Output the listing exactly, without its pictures.

**DATASET EXTRACT:**
▬▬▬▬▬▬▬▬▬▬

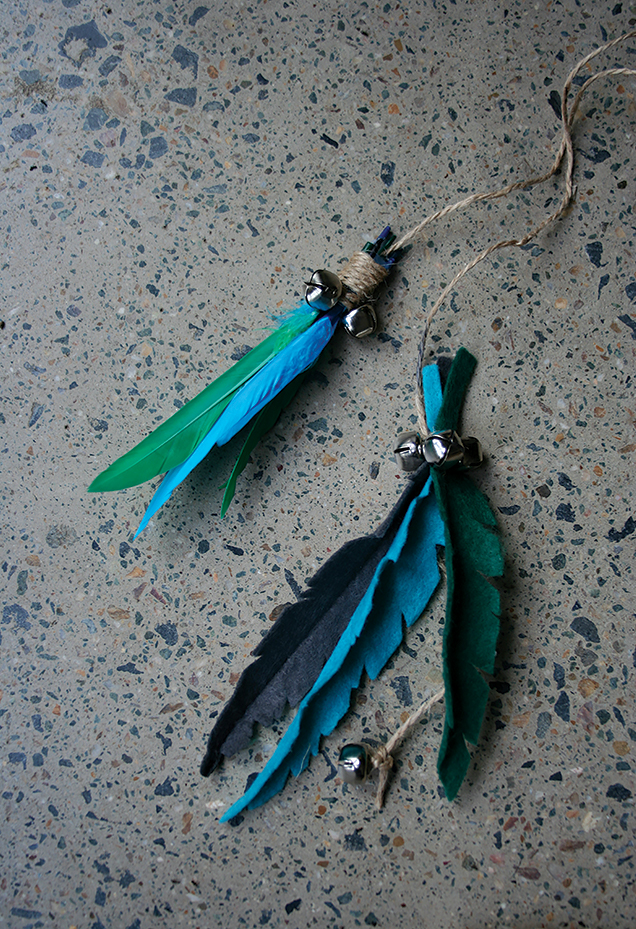 - Thread three bells onto the end of a long piece of twine and tie and knot the twine tightly
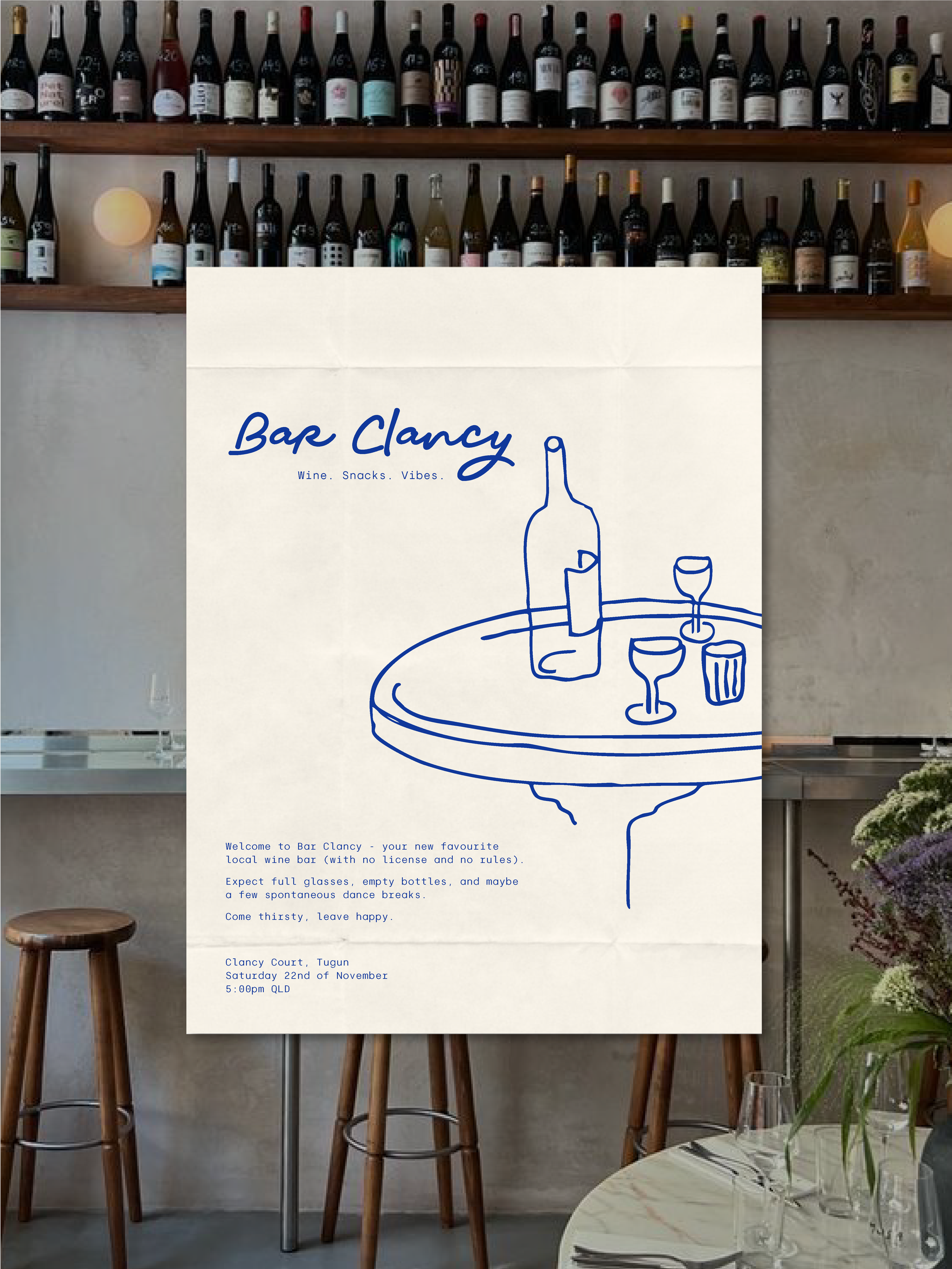 The brief: Welcome to Bar Clancy. A local wine bar serving good vibes and good wine. Illustrations throughout the branding to enhances the quirky vibe of the bar, with a hand written font and typewriter text forming the basis of the brand.
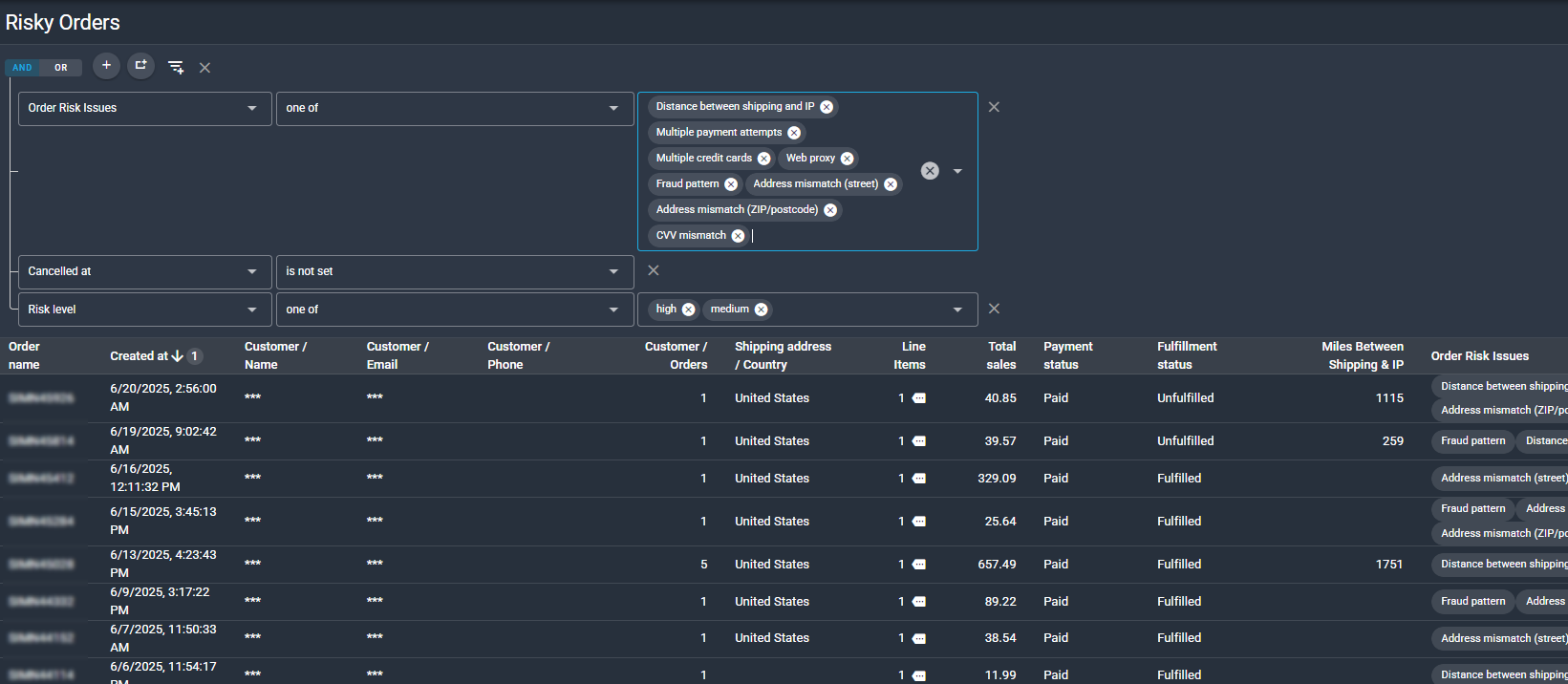 Using this report, you can see all the key information about the order (name, email, phone, country, items ordered, sale value, has it been paid/fulfilled) and all the vital risk information too .

▬▬▬▬▬▬▬▬▬▬

**OUTPUT BELOW:**
 - Thread three bells onto the end of a long piece of twine and tie and knot the twine tightly
 The brief: Welcome to Bar Clancy. A local wine bar serving good vibes and good wine. Illustrations throughout the branding to enhances the quirky vibe of the bar, with a hand written font and typewriter text forming the basis of the brand.
 Using this report, you can see all the key information about the order (name, email, phone, country, items ordered, sale value, has it been paid/fulfilled) and all the vital risk information too .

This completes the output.